** RAW DATA **
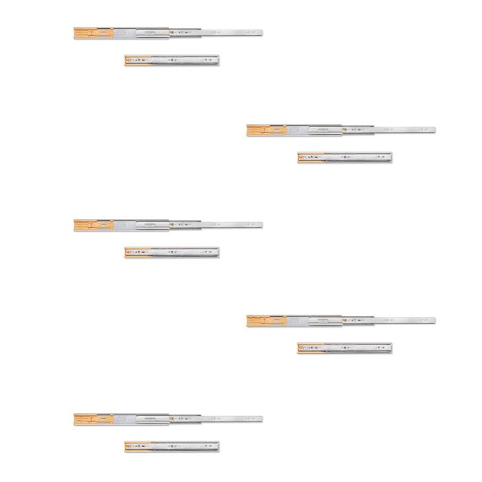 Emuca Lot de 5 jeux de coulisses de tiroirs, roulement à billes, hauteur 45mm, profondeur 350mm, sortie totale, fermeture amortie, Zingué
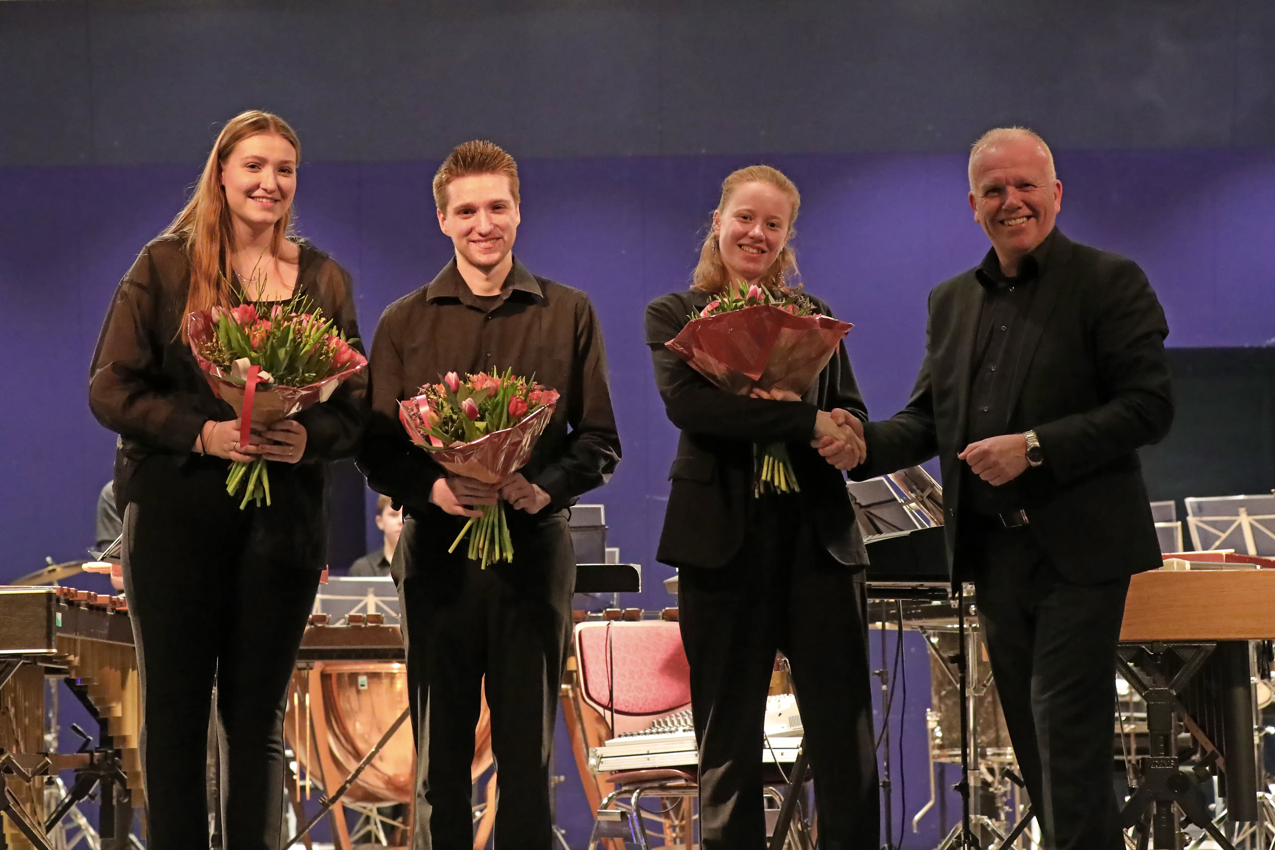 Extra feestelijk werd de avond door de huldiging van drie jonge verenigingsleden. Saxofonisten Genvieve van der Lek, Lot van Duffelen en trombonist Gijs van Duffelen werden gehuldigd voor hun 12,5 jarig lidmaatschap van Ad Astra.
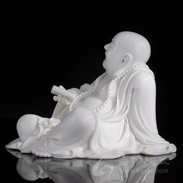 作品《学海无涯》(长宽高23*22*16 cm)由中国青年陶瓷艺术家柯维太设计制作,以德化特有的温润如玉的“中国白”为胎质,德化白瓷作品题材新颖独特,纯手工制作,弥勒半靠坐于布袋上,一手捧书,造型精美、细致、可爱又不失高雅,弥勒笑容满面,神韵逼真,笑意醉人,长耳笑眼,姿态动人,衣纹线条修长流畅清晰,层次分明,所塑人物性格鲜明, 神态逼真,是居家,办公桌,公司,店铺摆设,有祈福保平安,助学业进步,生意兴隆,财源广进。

** DESCRIPTION OF THE TASK **
Please retype the material above exactly, and omit its images.

** THE COMPLETED TASK **
 Emuca Lot de 5 jeux de coulisses de tiroirs, roulement à billes, hauteur 45mm, profondeur 350mm, sortie totale, fermeture amortie, Zingué
 Extra feestelijk werd de avond door de huldiging van drie jonge verenigingsleden. Saxofonisten Genvieve van der Lek, Lot van Duffelen en trombonist Gijs van Duffelen werden gehuldigd voor hun 12,5 jarig lidmaatschap van Ad Astra.
 作品《学海无涯》(长宽高23*22*16 cm)由中国青年陶瓷艺术家柯维太设计制作,以德化特有的温润如玉的“中国白”为胎质,德化白瓷作品题材新颖独特,纯手工制作,弥勒半靠坐于布袋上,一手捧书,造型精美、细致、可爱又不失高雅,弥勒笑容满面,神韵逼真,笑意醉人,长耳笑眼,姿态动人,衣纹线条修长流畅清晰,层次分明,所塑人物性格鲜明, 神态逼真,是居家,办公桌,公司,店铺摆设,有祈福保平安,助学业进步,生意兴隆,财源广进。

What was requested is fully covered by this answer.